Memory

Conversation compression

This page covers the history cascade — one of four context-management mechanisms that keep a long-running conversation inside a model-readable size. The cascade is a four-layer pipeline that runs on every turn to shrink the message buffer while preserving every decision, fact, name, number, and constraint that matters. The layers fire only when the buffer is still over budget after the previous one; cheap layers run first, and a model pass is a last resort. The other three mechanisms — structured replay, working-set trimming, and a whole-history digest — are introduced further down this page.

Updated today

Overview

At a glance
Module
src/lib/skills/memory.ts
Entry point
cascadeCompress(messages, options)
Layers
4, cascading, each only fires if still over budget
Token budget
Scales with the tier in use, not a fixed number
Tool result threshold
1,500 characters
Recent messages kept
10 by default
Summary group size
6 messages
Model compression tier
Allegro

Long conversations break models. Once the buffer exceeds the model's context window the request fails outright; well before that, quality degrades as the model spends attention on stale content. The cascade exists so the chat handler can hand the model a clean, compact buffer on every turn, regardless of how long the underlying conversation has been running.

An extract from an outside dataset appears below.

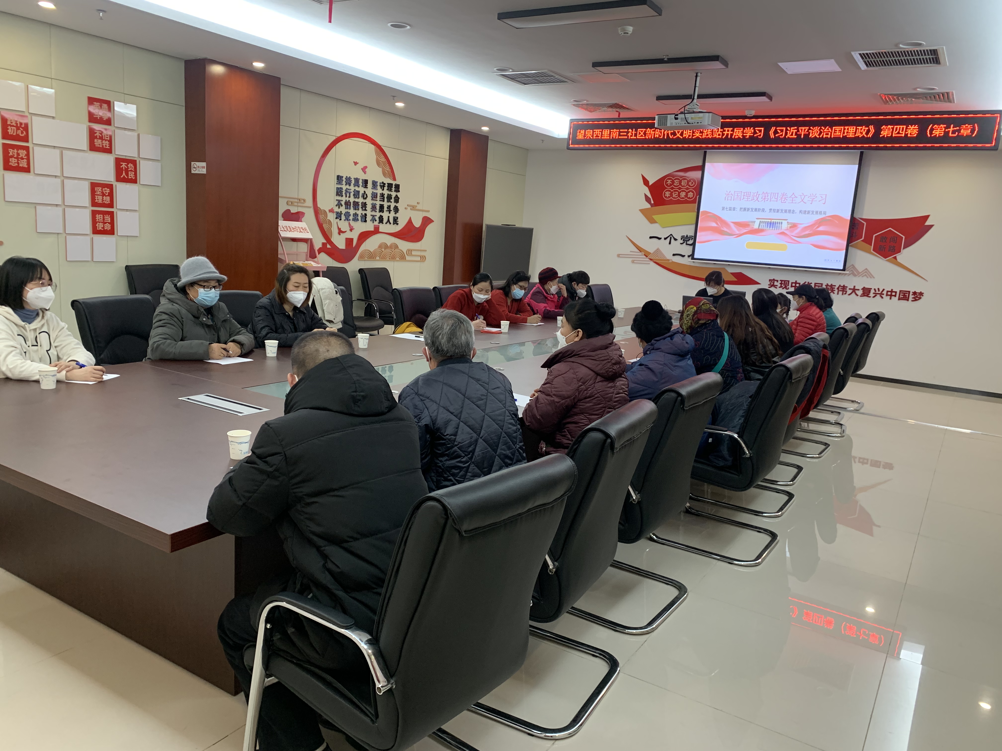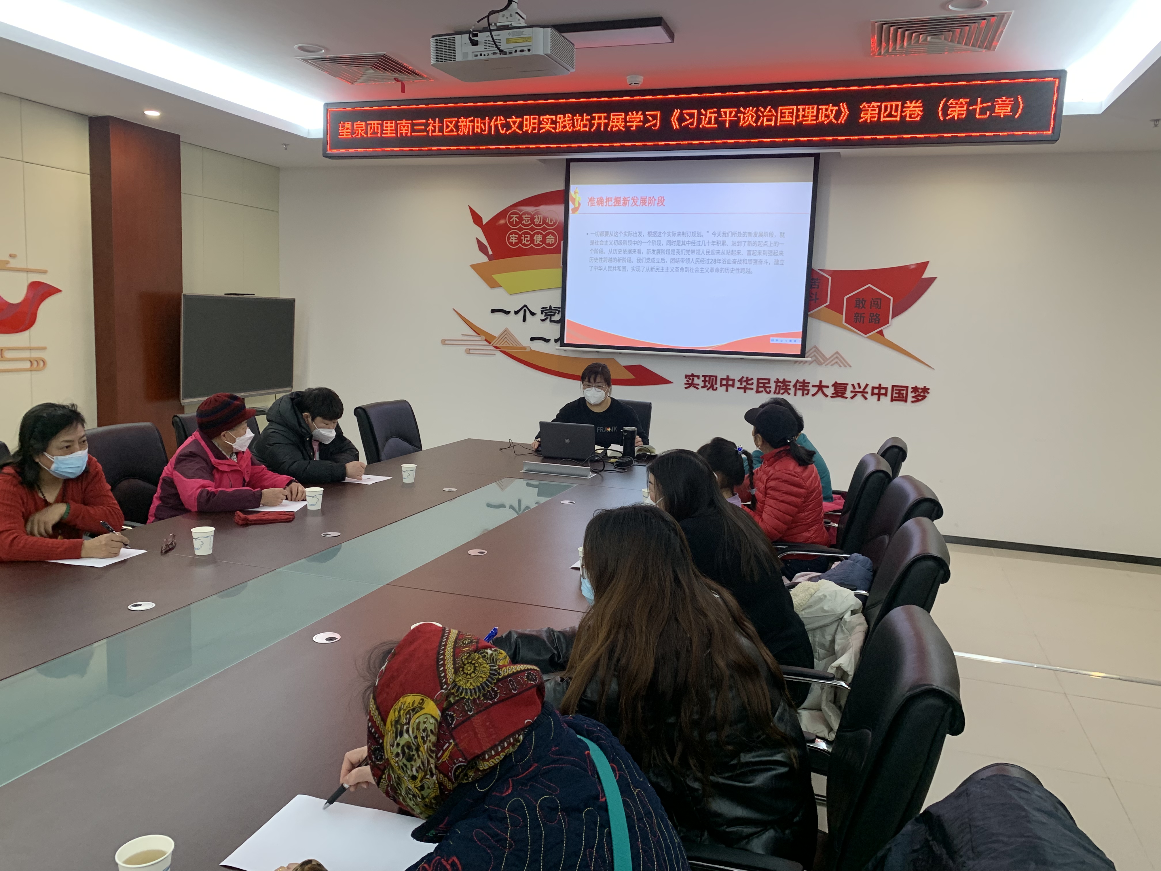 旺泉街道望泉西里南三社区新时代文明实践站开展学习《习近平谈治国理政》第四卷(第七章)活动

The order is intentional. The cheapest layer that fixes the problem runs first. If the buffer is bloated by a single huge tool result, layer 1 fixes it without touching anything else. If the buffer is long but mostly recent, layer 2 fixes it by dropping old messages. Only when the conversation is genuinely too rich to keep in full does the cascade reach layer 4 and spend a model call to write a structured summary.

Four mechanisms, not one

The history cascade documented on this page is one of four context-management mechanisms running today. They attack different shapes of the same problem.

MechanismWhat it doesWhen it runs
History cascade (this page)Progressively trims and summarizes older turns, cheapest step first, with a model pass only as a last resort. Recent, explicit instructions are always kept verbatim.On a turn, only as needed
Structured replayAn append-only, faithful reconstruction of exactly what happened in a conversation, including tool calls and their results, with the stable parts of the prompt kept byte-identical turn to turn so repeated context is cheap to reprocess.Not on for every conversation type
Working-set trimmingKeeps the most recent chunk of tool output in full detail and distills everything older into a one-line outcome. The detail is recoverable — the model can re-fetch it if it actually needs it again.Automatically, every tool round
Whole-history digestA hard ceiling backstop: if a conversation still risks overflowing, the oldest middle portion collapses to one line per turn while the very first and most recent turns stay verbatim.Only when a conversation risks overflow; also powers the manual "compact this conversation" action
Note
These four mechanisms are complementary, not competing implementations of the same idea — a given turn can be shaped by more than one of them. The sections below go deep on the history cascade first, since it's the one that runs on the widest range of conversations, then introduce the other three in the same functional terms used here.

Why a cascade

One pipeline, four stages, picked to attack different causes of bloat.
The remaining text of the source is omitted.